Tech Progress Benefits Business, Conservation
The vendor's Opus software enables machine-to-machine and machine-to-enterprise communication, which allows retailers to monitor the energy consumed by their HVAC, lighting, and plug load (responsible for roughly 40%, 40%, and 20% of energy consumption, respectively). Sensors attached to energy-consuming equipment and thermostats feed the software program, which does some pretty impressive alarm and reporting work. For starters, remote monitoring enables maintenance alarms to be sent to a 24/7/365 support center for immediate service dispatch. But better than that, a BI (business intelligence) tool gives corporate management the ability to run temperature and lighting scenarios that have a measurable impact on reduced energy consumption and the bottom line. For instance, picture this: A graphical user interface shows a CFO a thermostat control.
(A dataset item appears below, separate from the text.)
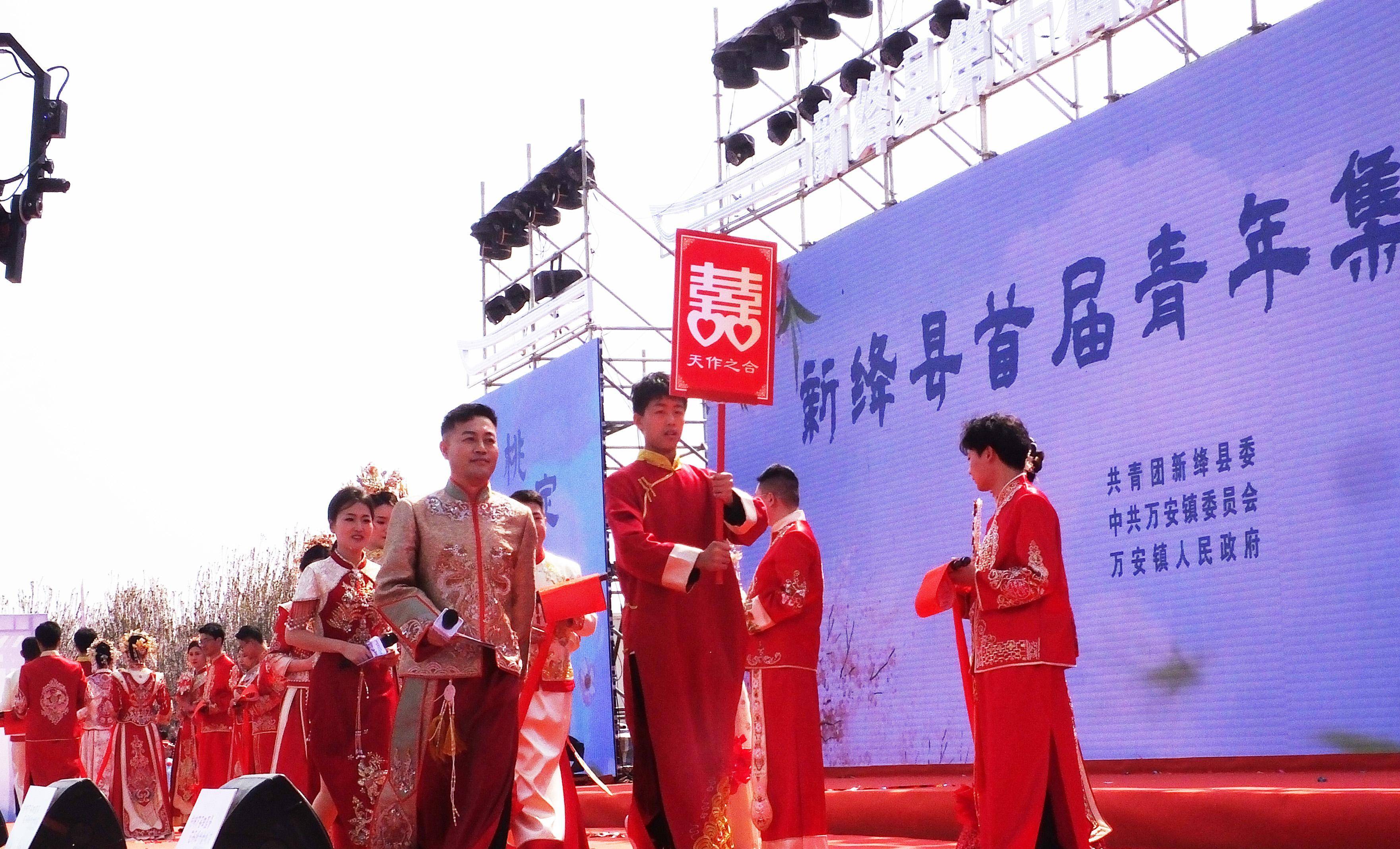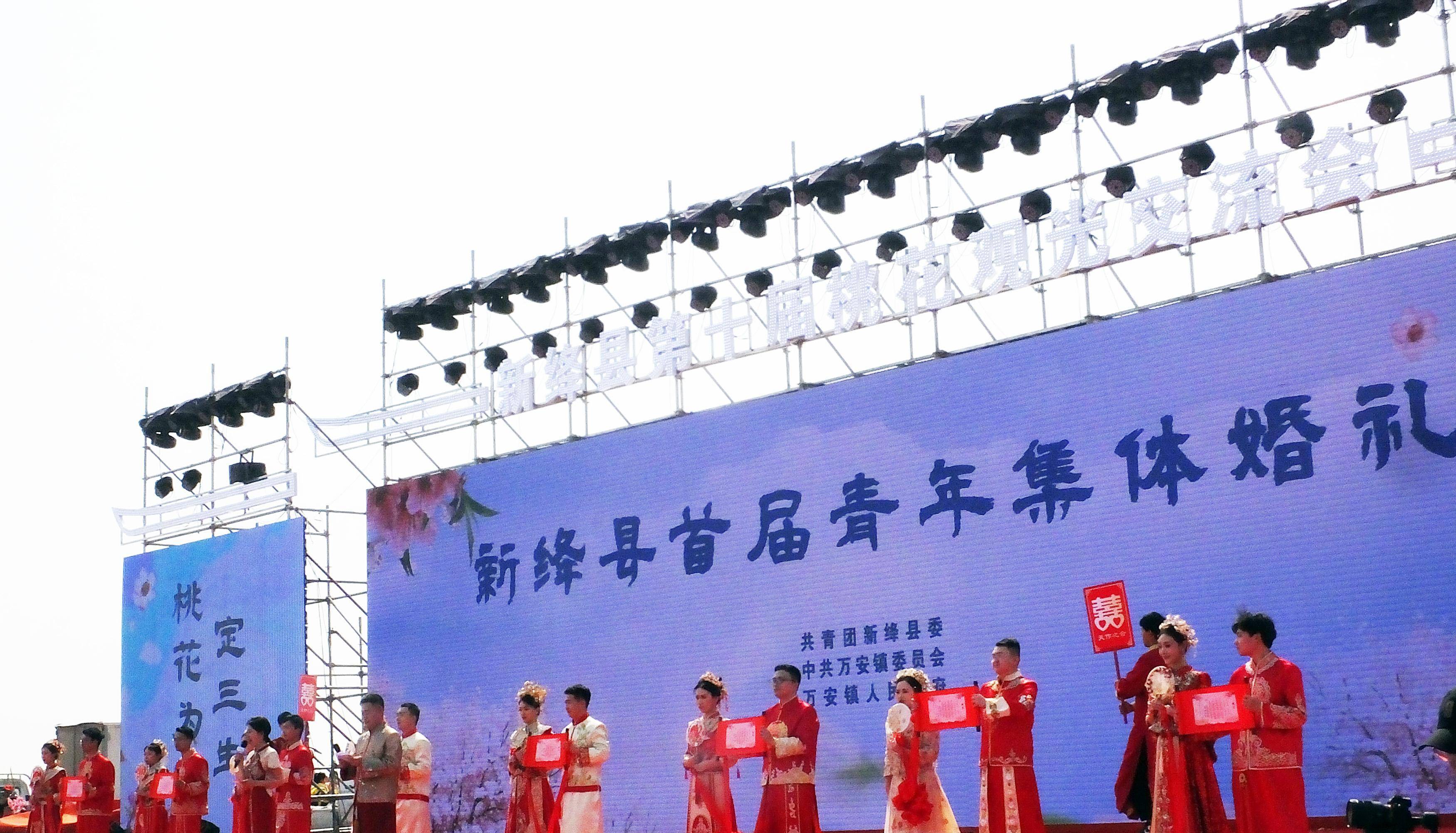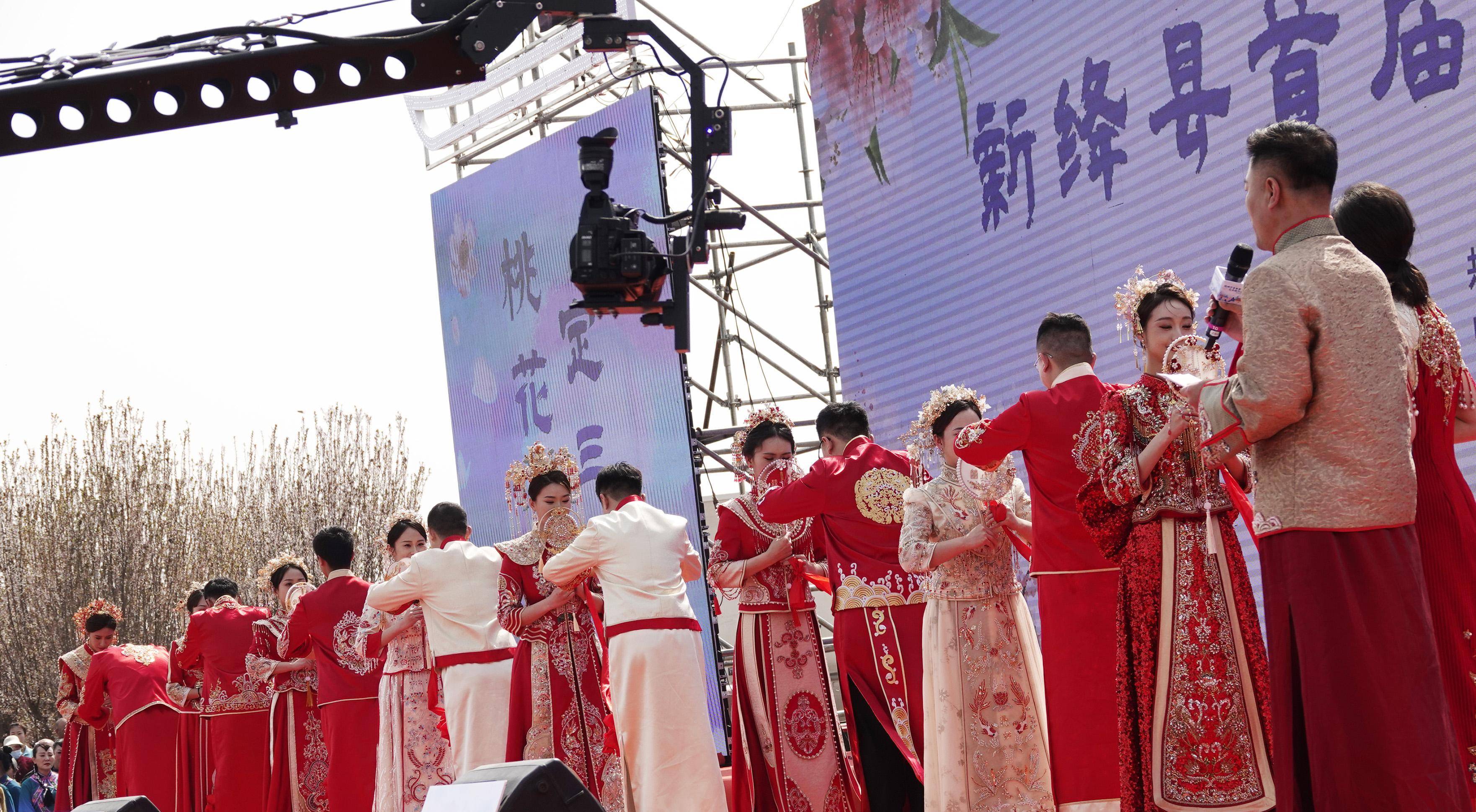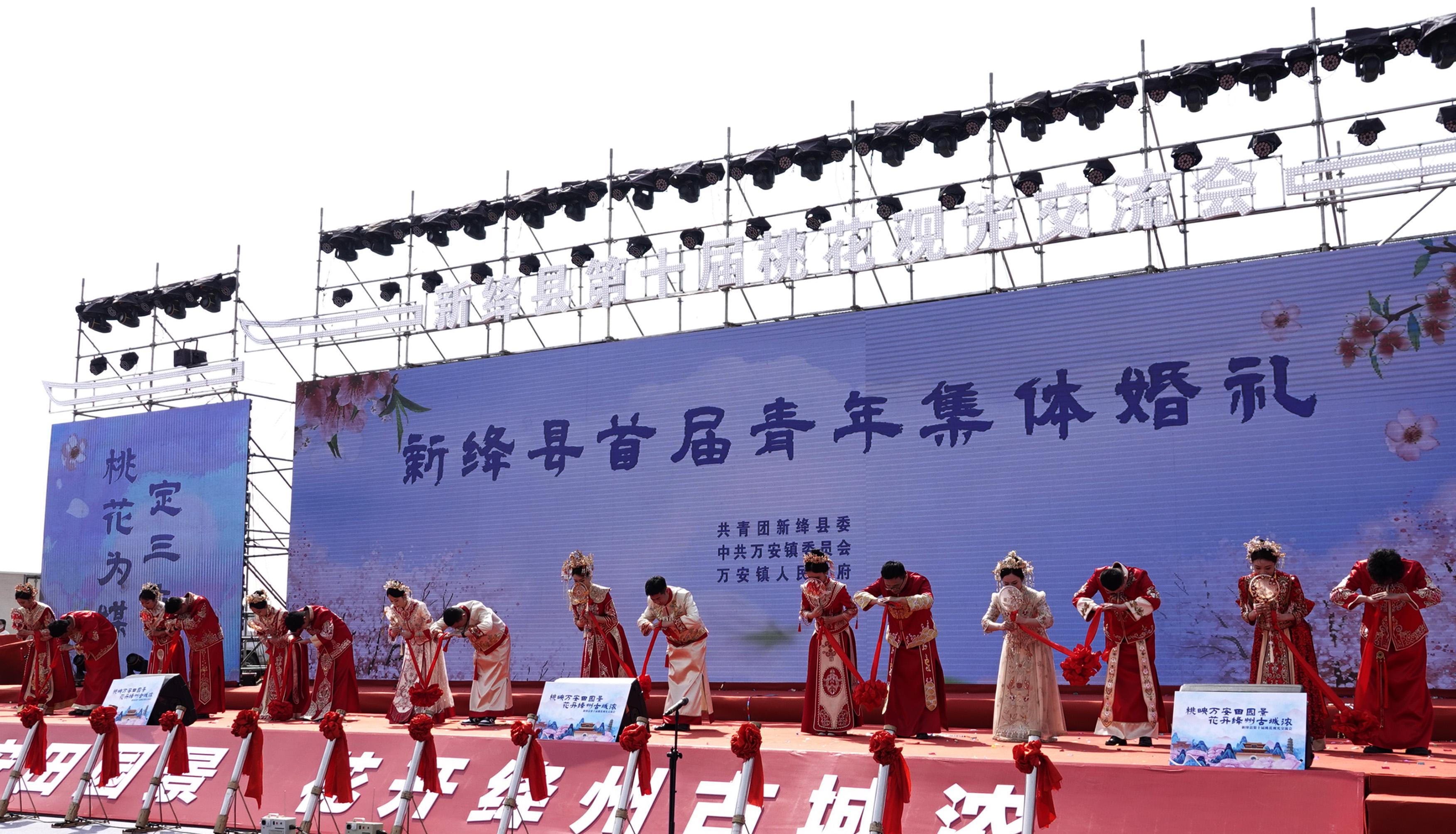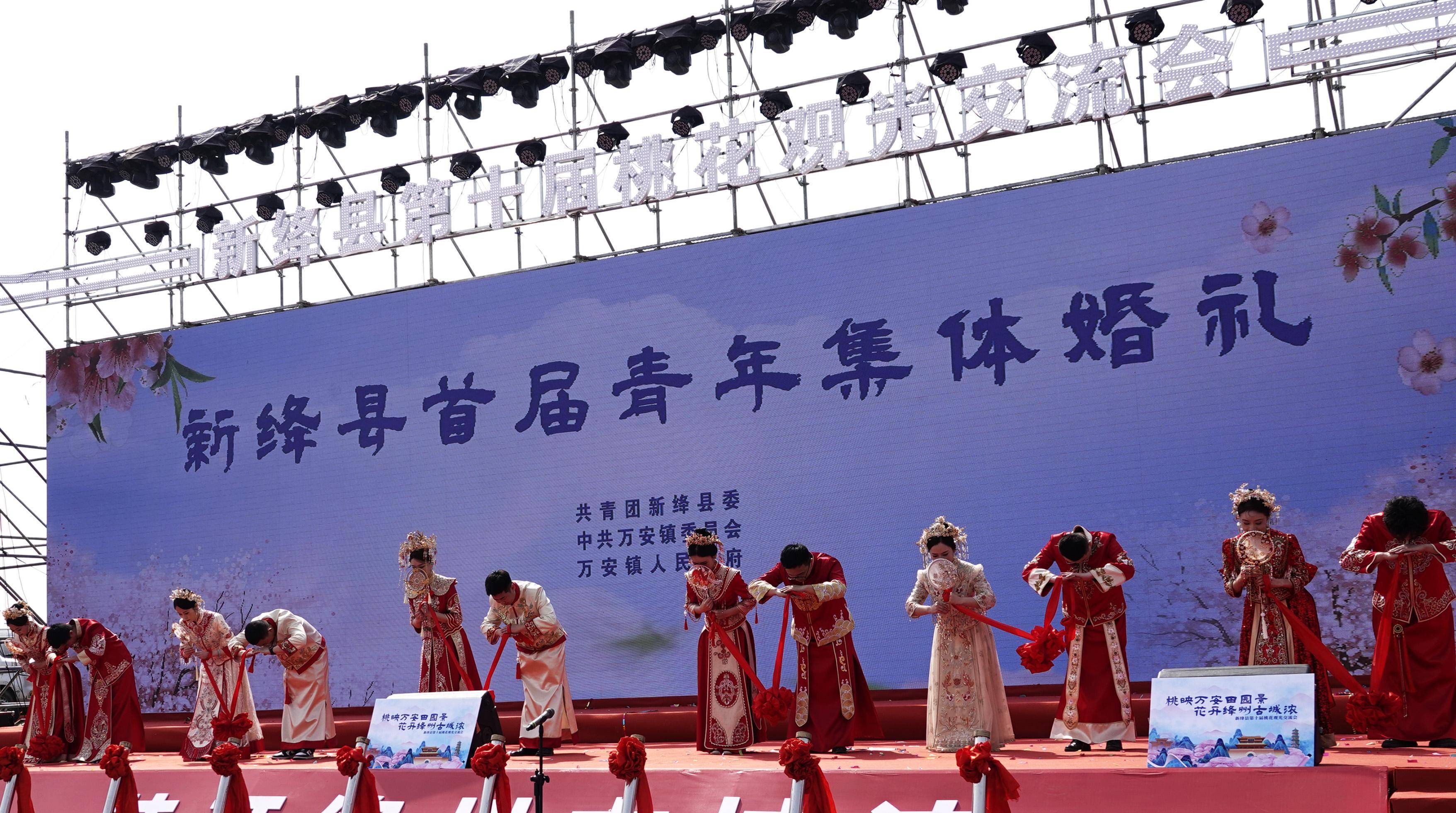 在山西运城市新绛县第十届桃花观光交流会开幕仪式上,八对新人参加首届青年集体婚礼

The CFO clicks on the control with a mouse, knocking the temperature in his 800-store chain from 69 degrees to 68. Simultaneously, the display calculates the energy consumption and cost savings associated with the temperature drop. Think about that. Does consumer spending have you lamenting a bad quarter?  Knock the heat back a couple of degrees and save a few hundred thousand dollars. The vendor offers controls that ensure compliance with temperature mandates such as these (with overrides, of course).

That's a snapshot of the functionality modern energy management controls offer, and there's plenty more where that came from. Forgive my excitement for this topic and this company. It's hard not to be bullish about technology that helps businesses save money and the earth all at the same time.